My family was awaiting my return.  It was passed 1:30 in the afternoon when we arrived at our house.  As Mariano unlocked the door, my mother and Lisa were right behind it.  What a warm welcome it was, with my daughter running straight into my arms.  With some caution, I knelt and hugged her.  “God, I miss you.”  How could I expect her to understand what was going on and why I had been away from her for so long?  She hadn’t forgotten me… and I didn’t want to remind her of the reason for my absence.

Every thing needed to move in slow motion for a while.  The delicateness of my torso was intimidating for all of us.  They couldn’t feel the tenderness of my skin, but every one was consciously careful around me.  They were happy to have me home, but I could see they avoided hugging me too hard.

Though my chest and belly were still numb, there was much sensitivity at the same time.  Even today, when someone touches the area – including myself – it feels tender.  Without any stomach or strength there, the feeling is almost inexplicable.  Some think the sensitivity is gone, like my nephew or brother-in-law who play-fight sometimes.  I can barely touch it, so the discomfort or pain with pushes and the like, are awful.  The abdomen feels (and is) empty, like you can punch right through it.

“Wow, what’s all this?”  There was a feast laid out on that metal table my parents had given us – until we could find a dining room set we liked.  We hadn’t bought all our furniture yet for the new house.  Aside from Isabella’s bedroom set that was new, we had many more rooms to fill now that we were out of that basement four-and-a-half-room apartment.
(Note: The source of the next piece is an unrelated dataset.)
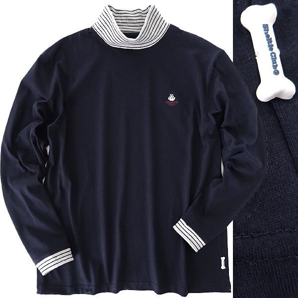 > 新品 シェルティークラブ リブ切替 ハイネック カットソー M 紺 【SH1443217_79_M】 Sheltie Club 秋冬 Tシャツ メンズ ボーダー
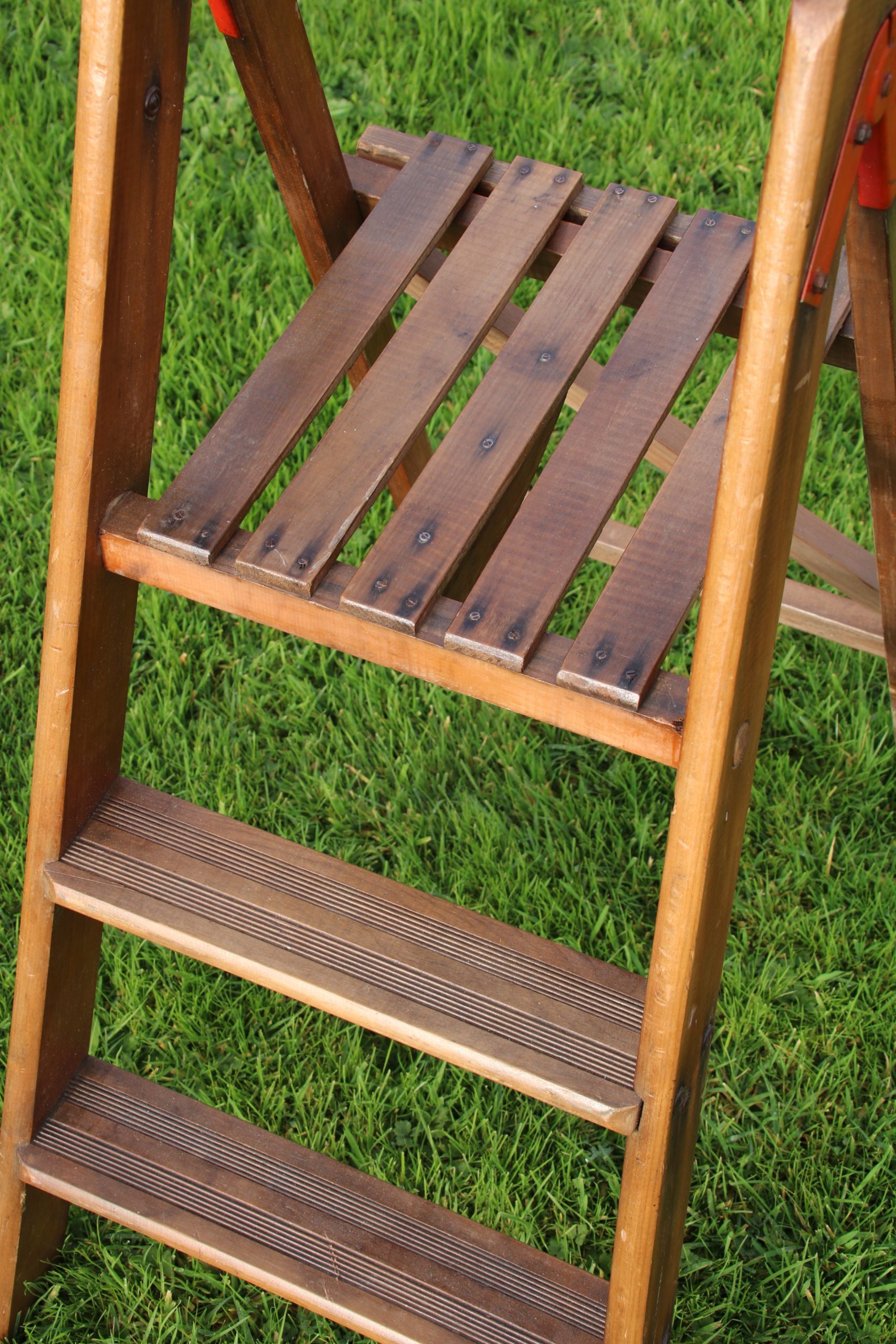The ladder is in very good, used condition with a few marks due to age. It has red painted metal hinges.

For the first time in my life, I felt threatened by all the food scattered across the table.  There was no hunger or comfort in the thought of eating without some kind of professional to help me if something went wrong.  Even prior to the operation, when esophageal pain was present, food was the enemy.  It was frightening, wondering where it would all go now that I didn’t have a stomach or feel a physical need to eat.

My sister, Lisa, asked, “Do you want me to make you a plate?”

“Oh, no.  I can’t have this…  I only just started having solid food.”  It did look really inviting for those who were waiting for it, but I wasn’t hungry at all.

I realized I would never be able to splurge again when it came to eating.  It was a whole new world for me, like a baby receiving pablum for the first time.  Unrecognizable, I had to question all that I knew about eating and myself, and try every thing as though it was the first time.  This brought on fear that created an immediate defense to stay away until I was ready.

“But we waited for you, so we could have lunch together.”

“Go ahead.  I’m not hungry.”  If I was, I wouldn’t know it anyway.  At first, I didn’t realize how Lisa would react, but I soon felt terrible about all the trouble they went through for me.  Pizza, coldcuts, cheese… my mom even offered to make soup for me.  They were probably famished, but didn’t want to eat without me, especially on my first day home.  The truth was that I was afraid to eat outside of the hospital environment.  The last thing I had eaten was at the hospital this morning.  What if something made me ill?  The last thing I want is to return to the hospital.

 

Hope you and your children had a safe and fun Halloween!